Ramius asked investors to elect Dr. David Dantzker, a partner with venture capital firm Wheatley Partners, Jeffrey Meckler, managing director of biotech consulting firm Andrea Group, and Ramius partner managing director Jeffrey Smith.
While Ramius strongly criticized SurModics’ performance of late, the firm told shareholders it only seeks to “help,” not usurp the board.
“We are not seeking control of the Board of Directors,” the SEC documents say. “However, we hope that this election contest will send a strong message to the remaining incumbent directors that shareholders are not satisfied with the Company’s poor operational and stock performance, and that operational and strategic changes are required now.
“We believe management and the Board need assistance in determining the right strategic direction for the Company and the right path forward to improve shareholder value,” according to the documents. “Our nominees have the necessary experience and desire to work constructively with management and the Board to address these issues.”
As for Surmodics, the company released a statement Monday that said little other than it will offer a response once it files its official proxy statement.
“SurModics’ Board of Directors and management team are committed to acting in the best interest of the Company and all SurModics shareholders,” the company’s statement said. “We have had an open dialogue with Ramius, as we do with all SurModics shareholders, since they first invested in our Company. SurModics’ Board is actively engaged in the strategy of the Company and is committed to building value for all shareholders.”
Given the civil tone of Ramius and SurModics’ statements, and that SurModics did not outright reject Ramius’ nominees (which often happens in these cases), I think this is less a proxy battle than a negotiation between SurModics and its largest investor.
So expect to see some sort of deal worked out before SurModics holds its annual meeting.
Now, contrast SurModics with that of Zoran Corp. (NASDAQ:ZRAN), a maker of digital audio and video technology based in Sunnyvale, California. Earlier this month, Ramius said it would try to oust Zoran’s entire board, including the chairman.
“We do not believe that the current Board has served the best interests of the Company’s stockholders, and we do not have confidence in the ability of the current Board to improve the Company’s operating performance and enhance stockholder value,” Ramius said.
In response, Zoran urged shareholders to withhold judgment until it can file an official, unfriendly response. But Zoran essentially called Ramius greedy.
“Zoran noted that Ramius is attempting to take control of Zoran’s Board and the Company without paying a control premium to other Zoran stockholders,” the company said in a press release. “Zoran also noted that Ramius is attempting to obtain board representation far in excess of its ownership interest in Zoran (approximately 8 percent of the Company’s outstanding shares).

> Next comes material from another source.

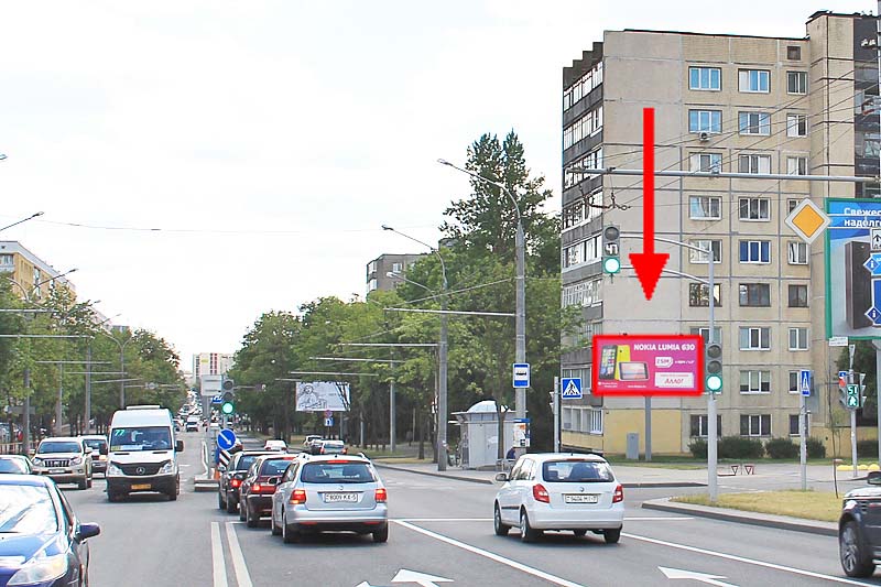 По направлению к ул. Кульман, ул. В. Хоружей, рынку Комаровский, за остановкой Ун-м Рига. Интенсивный транспортный и пешеходный поток (ул. Сурганова относится ко второму транспортному кольцу). Рядом находятся супермаркета "Preston", ТЦ "Рига", ф-л № 514 ОАО Беларусбанк, кафе, рестораны, бары, McDonald's, супермаркет для детей "Буслiк", БЦ "Европа", медицинский центр "Нордин", Аптека №1 ЗАО "Оффицина", Аптека №12 ООО "Фарммаркет-плюс".

“Zoran expects to file consent revocation materials with the SEC including its response to several inaccuracies and misrepresentations that are contained in Ramius’s consent solicitation materials about the markets in which Zoran competes and Zoran’s current position and future outlook, among others,” the release said.
Now THAT’S a proxy fight!
Disclosure: I have no positions in any stocks mentioned, and no plans to initiate any positions within the next 72 hours.